I am trying to study the positiveness of $f$. Clearly, when $t=0$, I have $$ f(0)=\int_\Omega\Delta u\cdot u = -\int_\Omega |\nabla u|^2<0 $$ My question: I wish to prove $f(t)\leq 0$ for $t>0$ and $\lim_{t\to\infty}f(t)=0$ as well. I am confused at as $t$ gets larger, how $(I-t\Delta)^{-1}u$ changes?
Update:
We have \begin{align*} f(t)&=\int_\Omega[(I-t\Delta)^{-1}\Delta(I-t\Delta)^{-1}u]\cdot u=\\ &=\int_\Omega(\Delta[(I-t\Delta)^{-1}(I-t\Delta)^{-1}u])\cdot u\\ &=-\int_\Omega(\nabla[(I-t\Delta)^{-1}(I-t\Delta)^{-1}u])\cdot\nabla u\\ &=-\int_\Omega((I-t\Delta)^{-1}(I-t\Delta)^{-1}\nabla u])\cdot\nabla u \end{align*}
But why I have $$ \int_\Omega((I-t\Delta)^{-1}(I-t\Delta)^{-1}\nabla u])\cdot\nabla u = \int_\Omega((I-t\Delta)^{-1}\nabla u])\cdot((I-t\Delta)^{-1}\nabla u) \tag 1 $$ I am not sure I can move $(I-t\Delta)^{-1}$ like this.

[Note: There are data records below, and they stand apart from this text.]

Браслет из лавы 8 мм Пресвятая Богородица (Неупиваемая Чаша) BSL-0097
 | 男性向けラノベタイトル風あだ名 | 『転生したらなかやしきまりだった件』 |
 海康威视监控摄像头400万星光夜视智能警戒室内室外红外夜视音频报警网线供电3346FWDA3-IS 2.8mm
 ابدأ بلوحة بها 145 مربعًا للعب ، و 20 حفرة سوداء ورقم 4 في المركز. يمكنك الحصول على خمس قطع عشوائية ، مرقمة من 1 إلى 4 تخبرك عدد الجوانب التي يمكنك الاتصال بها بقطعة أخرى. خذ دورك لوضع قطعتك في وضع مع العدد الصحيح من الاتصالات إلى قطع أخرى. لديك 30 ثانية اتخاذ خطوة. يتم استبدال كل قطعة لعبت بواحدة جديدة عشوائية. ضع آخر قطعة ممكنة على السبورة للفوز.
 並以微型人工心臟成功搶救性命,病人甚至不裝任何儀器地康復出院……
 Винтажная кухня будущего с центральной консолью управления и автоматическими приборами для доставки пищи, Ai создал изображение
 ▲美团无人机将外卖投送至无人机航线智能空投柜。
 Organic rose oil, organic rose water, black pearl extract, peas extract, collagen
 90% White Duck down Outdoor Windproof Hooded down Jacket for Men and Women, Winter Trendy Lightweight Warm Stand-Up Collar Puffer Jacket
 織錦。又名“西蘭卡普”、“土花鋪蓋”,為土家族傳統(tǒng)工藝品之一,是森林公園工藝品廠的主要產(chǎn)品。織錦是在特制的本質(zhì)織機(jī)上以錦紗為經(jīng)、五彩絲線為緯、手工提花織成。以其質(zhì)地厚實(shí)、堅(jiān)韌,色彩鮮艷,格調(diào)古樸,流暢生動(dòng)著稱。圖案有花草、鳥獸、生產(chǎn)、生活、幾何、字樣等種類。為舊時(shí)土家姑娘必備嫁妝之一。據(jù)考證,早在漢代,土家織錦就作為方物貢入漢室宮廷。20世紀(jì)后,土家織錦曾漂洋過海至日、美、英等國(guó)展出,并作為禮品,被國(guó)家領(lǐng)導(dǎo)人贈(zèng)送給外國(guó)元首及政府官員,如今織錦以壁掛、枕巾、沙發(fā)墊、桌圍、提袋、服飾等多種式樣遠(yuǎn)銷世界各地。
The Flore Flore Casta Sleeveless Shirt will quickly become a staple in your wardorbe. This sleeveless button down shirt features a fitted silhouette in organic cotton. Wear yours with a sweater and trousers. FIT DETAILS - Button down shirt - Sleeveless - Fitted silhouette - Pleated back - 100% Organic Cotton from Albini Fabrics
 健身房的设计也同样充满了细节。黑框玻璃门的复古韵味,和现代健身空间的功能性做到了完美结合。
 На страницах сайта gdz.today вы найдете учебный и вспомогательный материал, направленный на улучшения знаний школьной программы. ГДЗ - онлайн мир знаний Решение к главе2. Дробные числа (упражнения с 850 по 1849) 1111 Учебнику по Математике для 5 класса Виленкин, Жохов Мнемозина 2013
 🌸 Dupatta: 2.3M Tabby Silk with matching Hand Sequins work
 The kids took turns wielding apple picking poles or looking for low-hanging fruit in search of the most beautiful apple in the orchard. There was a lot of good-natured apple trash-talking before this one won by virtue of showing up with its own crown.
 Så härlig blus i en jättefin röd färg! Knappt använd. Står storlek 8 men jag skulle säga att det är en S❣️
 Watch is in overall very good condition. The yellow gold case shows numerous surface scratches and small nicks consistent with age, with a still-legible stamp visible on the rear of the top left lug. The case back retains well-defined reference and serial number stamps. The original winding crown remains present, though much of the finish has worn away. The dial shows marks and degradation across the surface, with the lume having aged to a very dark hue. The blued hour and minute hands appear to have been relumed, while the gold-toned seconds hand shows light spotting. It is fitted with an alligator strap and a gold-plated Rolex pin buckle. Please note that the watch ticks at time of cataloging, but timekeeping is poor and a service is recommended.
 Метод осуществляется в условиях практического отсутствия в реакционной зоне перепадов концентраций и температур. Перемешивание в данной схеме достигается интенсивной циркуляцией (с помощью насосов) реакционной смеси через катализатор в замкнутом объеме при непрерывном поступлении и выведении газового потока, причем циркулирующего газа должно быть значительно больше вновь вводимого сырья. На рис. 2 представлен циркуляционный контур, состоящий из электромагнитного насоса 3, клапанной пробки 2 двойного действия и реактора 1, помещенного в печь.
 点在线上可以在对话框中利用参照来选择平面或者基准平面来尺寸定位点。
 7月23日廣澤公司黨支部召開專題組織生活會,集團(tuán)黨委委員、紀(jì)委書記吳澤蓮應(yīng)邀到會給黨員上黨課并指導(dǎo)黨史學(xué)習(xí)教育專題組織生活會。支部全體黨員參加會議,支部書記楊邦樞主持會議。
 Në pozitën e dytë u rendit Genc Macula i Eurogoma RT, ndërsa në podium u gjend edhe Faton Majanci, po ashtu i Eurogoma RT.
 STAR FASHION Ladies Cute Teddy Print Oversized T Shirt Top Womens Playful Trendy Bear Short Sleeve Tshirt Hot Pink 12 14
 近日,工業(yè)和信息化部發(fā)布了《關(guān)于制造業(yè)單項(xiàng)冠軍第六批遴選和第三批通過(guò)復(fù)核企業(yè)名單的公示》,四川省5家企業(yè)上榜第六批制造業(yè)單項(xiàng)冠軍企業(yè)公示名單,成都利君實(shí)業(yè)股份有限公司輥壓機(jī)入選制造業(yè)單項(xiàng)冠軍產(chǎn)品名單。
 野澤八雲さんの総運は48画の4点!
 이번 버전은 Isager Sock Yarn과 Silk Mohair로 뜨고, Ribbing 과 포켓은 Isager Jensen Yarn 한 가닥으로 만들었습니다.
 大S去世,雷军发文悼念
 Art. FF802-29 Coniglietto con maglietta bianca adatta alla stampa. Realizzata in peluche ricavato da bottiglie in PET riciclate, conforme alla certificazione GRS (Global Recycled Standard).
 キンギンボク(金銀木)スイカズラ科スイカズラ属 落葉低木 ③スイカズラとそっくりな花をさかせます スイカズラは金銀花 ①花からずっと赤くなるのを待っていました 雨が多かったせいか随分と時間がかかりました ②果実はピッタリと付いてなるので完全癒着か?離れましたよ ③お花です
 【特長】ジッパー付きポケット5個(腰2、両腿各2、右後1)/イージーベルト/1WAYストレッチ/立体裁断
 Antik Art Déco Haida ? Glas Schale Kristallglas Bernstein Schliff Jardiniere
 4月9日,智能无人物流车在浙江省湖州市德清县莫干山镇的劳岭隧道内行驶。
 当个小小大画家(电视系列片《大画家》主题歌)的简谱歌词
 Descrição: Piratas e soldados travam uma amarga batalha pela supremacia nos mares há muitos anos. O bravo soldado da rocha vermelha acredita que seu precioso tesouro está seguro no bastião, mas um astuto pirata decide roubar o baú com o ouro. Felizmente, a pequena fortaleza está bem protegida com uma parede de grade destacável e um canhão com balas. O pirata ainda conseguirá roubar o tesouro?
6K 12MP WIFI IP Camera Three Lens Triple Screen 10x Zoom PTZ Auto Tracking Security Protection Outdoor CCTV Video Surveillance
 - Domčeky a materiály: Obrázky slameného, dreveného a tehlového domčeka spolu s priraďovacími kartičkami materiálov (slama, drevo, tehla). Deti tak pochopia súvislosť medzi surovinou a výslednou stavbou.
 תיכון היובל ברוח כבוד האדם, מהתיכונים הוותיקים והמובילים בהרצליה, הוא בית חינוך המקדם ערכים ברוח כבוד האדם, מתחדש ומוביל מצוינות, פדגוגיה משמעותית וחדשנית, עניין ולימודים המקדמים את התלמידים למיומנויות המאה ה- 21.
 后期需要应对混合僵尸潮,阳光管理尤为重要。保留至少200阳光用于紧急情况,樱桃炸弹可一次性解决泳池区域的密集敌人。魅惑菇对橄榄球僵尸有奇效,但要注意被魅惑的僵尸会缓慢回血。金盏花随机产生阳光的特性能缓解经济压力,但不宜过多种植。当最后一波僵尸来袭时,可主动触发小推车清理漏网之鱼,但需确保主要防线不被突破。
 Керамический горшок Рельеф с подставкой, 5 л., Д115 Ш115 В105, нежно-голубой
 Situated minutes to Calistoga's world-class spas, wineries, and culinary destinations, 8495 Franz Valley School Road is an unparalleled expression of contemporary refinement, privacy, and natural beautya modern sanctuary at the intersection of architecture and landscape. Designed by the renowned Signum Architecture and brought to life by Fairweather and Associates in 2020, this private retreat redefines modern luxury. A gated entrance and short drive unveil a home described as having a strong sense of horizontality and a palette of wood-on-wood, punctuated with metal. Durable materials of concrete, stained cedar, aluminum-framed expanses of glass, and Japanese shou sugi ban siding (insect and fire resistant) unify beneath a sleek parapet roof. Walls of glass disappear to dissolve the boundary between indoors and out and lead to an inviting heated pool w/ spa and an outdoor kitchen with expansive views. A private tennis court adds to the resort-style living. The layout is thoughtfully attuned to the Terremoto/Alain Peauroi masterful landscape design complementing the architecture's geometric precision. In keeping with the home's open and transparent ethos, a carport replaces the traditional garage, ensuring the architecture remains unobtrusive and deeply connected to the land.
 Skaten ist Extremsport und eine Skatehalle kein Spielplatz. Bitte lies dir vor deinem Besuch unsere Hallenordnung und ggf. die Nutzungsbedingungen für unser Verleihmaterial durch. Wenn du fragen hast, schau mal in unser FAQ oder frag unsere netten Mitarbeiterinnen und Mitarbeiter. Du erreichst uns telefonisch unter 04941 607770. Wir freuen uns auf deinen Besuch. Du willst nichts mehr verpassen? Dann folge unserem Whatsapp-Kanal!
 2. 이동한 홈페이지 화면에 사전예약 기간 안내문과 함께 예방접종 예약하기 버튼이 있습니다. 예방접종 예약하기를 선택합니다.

To answer your edit: once you have found the correct domain of definition for the Laplacian, you have that $(I-t\Delta)^{-1} = \sum \limits _{k=0} ^\infty t^k \Delta^k$. Since $\int (\Delta u) v = \int u (\Delta v)$ (on test functions, at least), you may use induction and prove that $\int (\Delta^k u) v = \int u (\Delta^k v)$, so $\int (\sum \limits _{k=0} ^\infty t^k \Delta^k u) v = \int u (\sum \limits _{k=0} ^\infty t^k \Delta^k v)$, which means $\int [(I-t\Delta)^{-1} u] v = \int u [(I-t\Delta)^{-1} v]$.